Penelitian mengungkapkan bahwa Gen Z sedang berjuang dengan kebahagiaan, tetapi ada cara untuk mengubahnya
Beberapa bulan yang lalu, saya pergi bersama seorang teman untuk menonton pertunjukan lokal “You’re a Good Man, Charlie Brown.” Meskipun secara umum akrab dengan karakter Peanuts, saya belum pernah menonton pertunjukan musikal itu sebelumnya, dan merasa agak terhibur oleh semua kebenaran filosofis yang tersebar di seluruh naskah dan lagu yang sederhana.
Namun, baru beberapa minggu kemudian, saya dikejutkan oleh makna dari salah satu pertunjukan terakhir, “Happiness.” Liriknya pada dasarnya adalah daftar hal-hal yang membawa kegembiraan dalam kehidupan karakter usia sekolah dasar: Charlie Brown, Lucy, Linus, Sally, dan lainnya.
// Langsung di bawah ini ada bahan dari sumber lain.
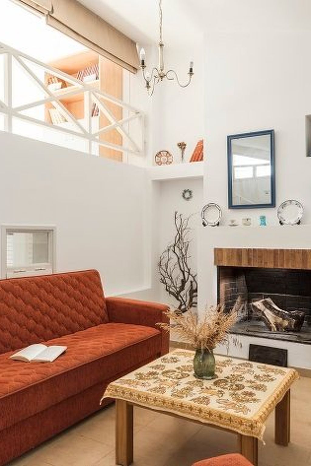 Le salon occupe le deuxième niveau, il dispose également d'une cheminée et d'une armoire.
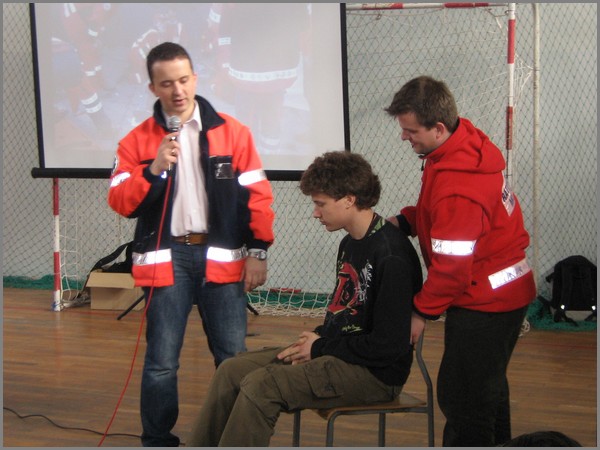 Konrad Lasota (I d). Goście pokazu – Tomasz Dziokan i Adrian Karch, ratownicy z

Lagu ini muncul di benak saya ketika saya menemukan jajak pendapat Gallup yang membahas kebahagiaan Generasi Z. Data jajak pendapat menunjukkan bahwa seperempat anak-anak Generasi Z tidak bahagia, sesuatu yang menurut Gallup berperan dalam fakta bahwa Amerika Serikat baru-baru ini tersingkir dari daftar 20 negara paling bahagia. Beberapa alasan yang diberikan untuk ketidakbahagiaan ini termasuk kurangnya minat dan motivasi dalam pekerjaan dan sekolah dan perasaan tanpa arah tentang kehidupan secara umum.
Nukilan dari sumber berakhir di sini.